Alright.

First, about Waffles. It seems to be a toolkit for supervised learning, mostly, that means "given a set of things from class A and a set of things from class B, generate a model that allows me to classify things into A and B automatically". It also has tools for clustering, that is "given this data, figure out what classes there are (possibly with the number of classes as input)". Neither of these are neccesarily useful for generating new things that are 'like' some given input.

For doing that, the typical Thing To Do (tm) is training a markov model with your data. In short:

A markov model consists of "states" an d "transitions", which have "probabilities" and "emissions". For every "state", there is a number of "transitions" to different "states", which are taken with some given "probability", and then "emit" something. It's probably easiest to look at this graphically.

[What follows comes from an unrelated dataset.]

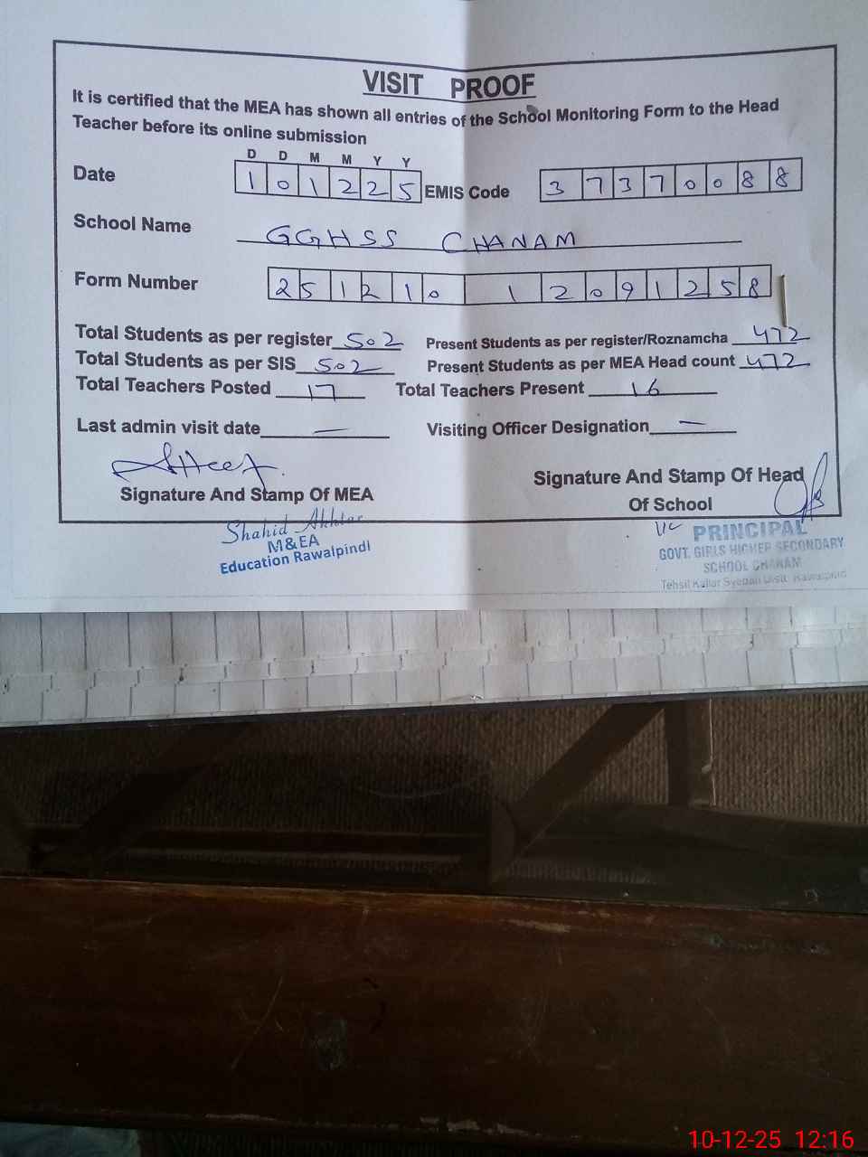 | Attendance Register | Head Teacher | MEA with School | Visit Proof |

This is a graphical representation of a markov model. the circles are states, and the arrows are transitions. The things in "" are emissions, and the numbers are probabilities. The transition probabilities here depend only on the current state, making this a "first order" markov model. If they depended on the previous two states, it would be a second order model, etc. If there were no states, it would be a 0th order markov model, but that's silly so lets ignore that.

It should be relatively obvious how to generate new things when you have a model like this: You just start in the start state, and then pick a transition according to the probabilities given, append that transitions emission to the output, and keep doing that until you land in the end state. The actual problem is figuring out the model, given some input data.

There's two cases here, one being a bit harder but more poweful, and one being a little less powerful, but easier. The more powerful thing is "hidden" markov models - hidden refering to the state sequence that is passed through. They are generally a pain, and are trained with variations of the Baum-Welch algorithm, and generally only first order models are used. They are important for speech recognition and the likes, but since we only want to generate text, and need not assume hidden states, we can do something easier.

Simply put, we count the number of occurrences of each input symbol in each state (state being the last input symbol - or, for an nth order markov model, the last n symbols), and finally divide by the number of total occurrences, so, for example, given:

**START** I love cake **END**
**START** I love pancakes **END**
**START** I really love cake **END**
**START** You love cake **END**

We'd get the states:
**START**, I, love, cake, really, pancakes, You, **END**

With occurrence counting:
"**START**" => 3 * I, 1 * You
"I" => 2 * love, 1 * really
"love" => 3 * cake, 1 * pancakes
[...etcetera]

So now, we have a model, which can then generate text, which might or might not make a lot of sense. This model, for example, might generate "You love pancakes". It will never generate "You really love cake" or "I love you", since the training data never had "really" following "you", or "I" following "love". It's too simple to not make sense, but as soon as you have a little more training data, grammar goes out of the window fast. Higher order models might make a little more sense, but might become overtrained and not generate new things a lot. Generally, second and third order is pretty decent at not being *too* nonsensical.